In concept, its simple and yet hard to maintain as we move. Good posture aligns your body correctly. When you have good posture, you look confident and poised. Good posture also allows your body to move and function at its best.
Good posture means standing with your chin parallel to the floor, shoulders rolled back (which opens your chest), your core muscles slightly engaged to keep you upright, head over shoulders over hips. Knees are relaxed, not locked and feet are shoulder width apart. If you've forgotten what this means, try this:
1) Stand with your feet hip width apart: remember that your hips - they are NOT that wide.
2) Arms hang relaxed at your side.
3) Shoulders roll back.
4) Knees are relaxed. If you're not sure, just straighten them out, tensing you leg muscles and then relax just a teensy bit.
5) Settle your weigh on the front half of your feet: Roll back and forth on your feet: toe to heel rocking back and forth until you settle on the front half of your feet.
6) Now, take a deep breath filling your chest with air. As you do that, raise your arms up to the ceiling, palms facing forward, shoulders down, Your face should follow the rise of the arms with the intake of breath, stretching the neck but not letting it fall back all the way.
7) At the end of your in breath, your hands are above your head, and your are looking at them.
Slowly exhale, bringing your arms back down, shoulders remain rolled back head facing forward, knees relaxed.
You should feel the muscles between your shoulders engaged and very connected to the ground. You should feel relaxed, alert, grounded and ready to move. As we move and dance its easy to loose this posture. Even as I sit and type this blog, I find my shoulders rolling in, head dropping back slouching. Its important to check in with yourself until it becomes second nature. Some of us have naturally adapted to a different baseline so it may seem strained at first. For example, for me my head was always looking downward which caused my shoulders to hunch up a bit so when I corrected this for better posture, I felt like my head pointing all the way up to the ceiling and my chest was sticking out too much. Just remember that as you realign your posture, the right way will feel odd until it becomes what your body naturally remembers again.
1) Shoulders rolled back (not pulled back)
2) Chin parallel to the floor
3) Shoulder line level to the floor and parallel to your partner
4) Knees relaxed
5) Head over shoulders over hips over feet
When you stand with your partner, your feet are not toe to toe. The lead's right foot is in between the follow's feet, just left of the follow's left foot. You are not offset from your partner by half a body width but rather by a foot width.
There is a sense of enveloping within the embrace which sometimes results in the lead's chest caving in ever so slightly and the shoulders forward a little bit. Just remember, less is more.
WHERE DO I PUT MY FACE?
If you're like me, your face will fall squarely into the lead's chest. I simply rotate to the right (or left, your preference) so that my cheek is facing his chest. If you are the same height, you won't exactly be staring eye to eye but close. If you are much taller then don't bend too far down or hunch over too much. Still keep the integrity of your posture.

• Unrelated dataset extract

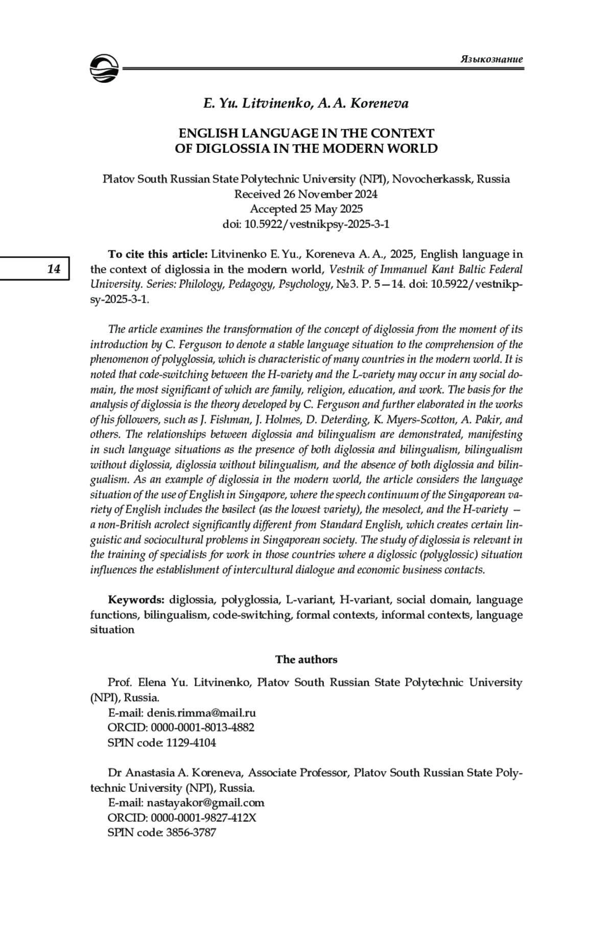 Рассматривается трансформация понятия диглоссии с момента его введения Ч. Фергюсоном для обозначения стабильной языковой ситуации до осмысления явления полиглоссии, характерной для многих стран в современном мире. Отмечено, что переключение языкового кода между H-вариантом и L-вариантом может происходить в любом социальном домене, наиболее значимыми из которых являются семья, религия, образование и работа. Основой для анализа диглоссии послужила теория, разработанная Ч. Фергюсоном и развитая в работах его последователей, таких как Дж. Фишман, Дж. Холмс, Д. Детердинг, К. Майерс-Скоттон, А. Пакир и др. Показаны взаимоотношения между диглоссией и билингвизмом, проявляющиеся в таких языковых ситуациях, как наличие диглоссии и билингвизма, билингвизма без диглоссии, диглоссии без билингвизма, отсутствие как диглоссии, так и билингвизма. В качестве примера диглоссии в современном мире рассмотрена языковая ситуация использования английского языка в Сингапуре, где в речевой континуум сингапурского варианта английского входят базилект (как самый низкий вариант), мезолект и вариант H — небританский акролект, существенно отличающийся от стандартного английского языка, что создает определенные лингвокультурные и социокультурные проблемы в сингапурском обществе. Изучение диглоссии актуально при подготовке специалистов для работы в тех странах, где диглоссная (полиглоссная) ситуация влияет на установление межкультурного диалога и экономических деловых контактов

Head to head connection is OPTIONAL. Same height can also (but is not always required) result in a head to head connection that can be very sweet: follow's right temple to lead's left temple. There are times when the lead's chin is just above the follow's head, and there can be a small connection there as well: lead's just don't make the follow's head your head rest!
Being aware of your posture also helps to make you sensitive to when weight is being transferred and how good your balance (and your partner's balance) is. This is critical to developing that sixth sense that I mentioned and will make it easier for you to synchronize with your partner as you dance.